Where a review has been carried out jointly by two authorities following a local connection referral, either authority may notify the applicant of the decision.[37]
Negative decision
If the review decision is a negative one, the authority must inform the applicant in writing of:[38]
its reasons for the decision
their right to appeal to the County Court on a point of law
the time limits for making an appeal
If the decision does not meet these requirements, the proper notification following the review is deemed not to have been given. The time limit for an appeal does not start until proper notification has been given.[39]
There may be some cases where reasons are given but they seem inadequate. In one case, where a reviewing officer upheld a decision that the applicant was intentionally homeless but failed to explain why they agreed with the original decision or why the applicant's justification for her behaviour was rejected. The Court of Appeal quashed the decision.[40]

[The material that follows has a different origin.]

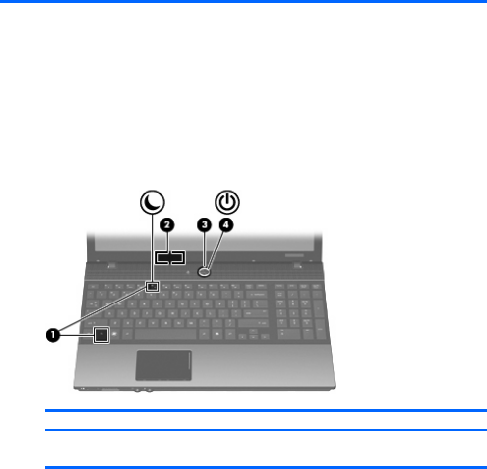 I nedanstående bild och tabell identifieras och beskrivs var strömkontroller och lampor är placerade.

If the review decision letter is so deficient that the appeal process could not be conducted fairly, a request should be made for further or better reasons. If a satisfactory response is not given then judicial review may be appropriate.[41]
An applicant seeking a judicial review should obtain legal advice. Find out more about legal aid for housing problems on Shelter Legal.
Positive decision
If the applicant's review is successful, the applicant must be notified but the authority does not have to give reasons for its decision.[42]
An applicant might still want to ask the authority for its reasons. For example, where they requested a review of the suitability of a property on more than one ground, it may help them to know the reasons why the review succeeded, especially if they are considering requesting a review of a subsequent offer.
Appeals to the County Court
An applicant can appeal to the County Court if they disagree with a review decision or do not receive a review decision within the time limit.
An appeal can only be made on a point of law. For example, if the local authority did not carry out the review correctly or ignored relevant facts.
The person must appeal within 21 days of being notified of the review decision. They should get legal advice from a solicitor.
Find out more about County Court appeals.
Applications made before 3 April 2018
The current Homelessness Code of Guidance was introduced on 3 April 2018 and the references on this page are to this Code. For applications made before this date, the recommendations of the 2006 Code of Guidance should apply.